Pour faire face aux transformations en cours et à venir qui vont impacter lourdement le monde sur tous les plans, géopolitique, économique, social, environnemental, etc., les pays sont confrontés à des enjeux de formation, de sensibilisation et de capital humain. Il s’agit de repenser entièrement l’éducation et la formation pour préparer les générations futures aux défis de demain. Paradoxalement, l’école au sens de système d’apprentissage est restée anachronique par rapport aux transitions en cours. Son modèle ressemble davantage aux usines du début du siècle dernier et s’inspire davantage du taylorisme pour former la masse. Il s’agit donc d’opérer une révolution au sein de l’école, de concrétiser ce que d’aucuns appellent « école 4.0 », de migrer d’une ingénierie de la formation vers une ingénierie des compétences, d’écarter toute logique « adéquationniste », et d’imaginer un modèle à l’esprit du siècle.
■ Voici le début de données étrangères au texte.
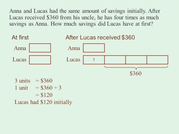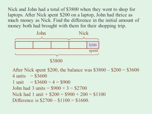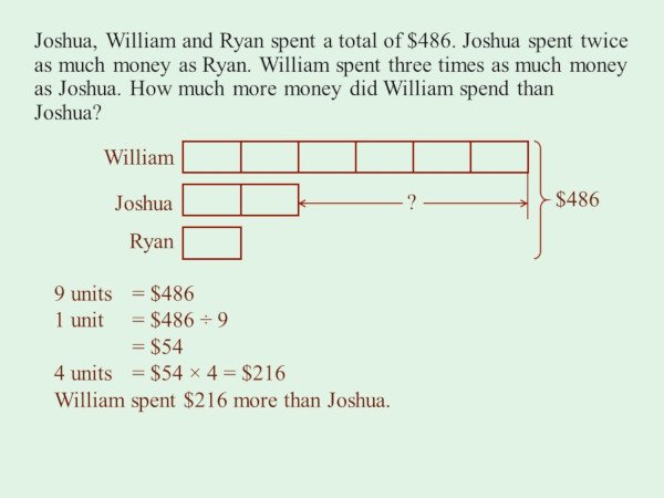 Singapore Math Problem Sums - Whole Number - Comparison Model

Si j’ai un message à adresser aux futurs jeunes actifs, je dirai :
- Vous devez privilégier plutôt l’acquisition des compétences qui vont prendre de plus en plus d’importance pour des métiers en perpétuelle mutation,
- Des compétences scientifiques et technologiques sont nécessaires, mais loin d’être suffisantes, il faudrait y ajouter des compétences émotionnelles, humaines et sociales,
- Les métiers liés à l’intelligence artificielle et à la data ont un bel avenir devant eux si on les conjugue avec de la créativité, du sens de l’initiative, de l’entrepreneuriat, de la responsabilité et de l’éthique plaçant l’homme et la société au centre des enjeux,
- Vous devez considérer que toutes les expériences de vie, à l’école, au sein d’une entreprise, dans la société sont autant d’opportunités pour forger vos compétences,
- Vous êtes plus que jamais concerné par la formation tout au long de la vie dans un monde qui bouge de plus en plus vite et qui va vous contraindre à vous adapter perpétuellement,
- S’il y a des qualités à mettre au premier plan dans votre parcours, j’en citerai trois : la capacité d’apprendre à apprendre, la capacité d’agir et la capacité d’interagir.
M.S.
M.N.A. : Président de l’Advisory Board de Pristini Knowledge Group. Lauréat au baccalauréat mathématiques en 1976, il a démarré ses études supérieures en classes préparatoires au Lycée Louis-le-Grand à Paris. Après l’obtention du diplôme d’ingénieur de l’Ecole Polytechnique et de l’Ecole des Mines ParisTech, et d’un doctorat (PhD) de l’Ecole des Mines ParisTech en génie des procédés, il entame sa carrière en France en tant que maître-assistant associé à l’Ecole des Mines ParisTech et à l’Ecole Nationale Supérieure de Techniques Avancées Paris.
De retour en Tunisie au milieu des années 1980, il a été tour à tour, maître-assistant à l’Académie Militaire, maître de conférences et directeur des études de l’Institut Préparatoire aux Etudes Scientifiques et Techniques l’IPEST, membre de la commission de création de l’Ecole Polytechnique de Tunisie, professeur et directeur-fondateur de l’Ecole Supérieure des Communications (Sup’Com Tunis), ministre des Technologies de la Communication en 2010. Il est cofondateur de l’Ecole Supérieure Privée d’Ingénierie et de Technologies (ESPRIT) dont il a présidé le conseil d’administration jusqu’à l’année 2021. Depuis 2022, il est président de l’Advisory Board de Pristini Knowledge Group.
Il est par ailleurs membre dans des conseils d’administration et des commissions de réforme, mentor dans le cadre du programme LeadCampus lancé par Sciences Po Paris en 2017 et géré par HEC Paris depuis 2019, pour la formation des leaders de demain en Afrique, et expert international auprès de la Commission des Titres d’Ingénieur CTI.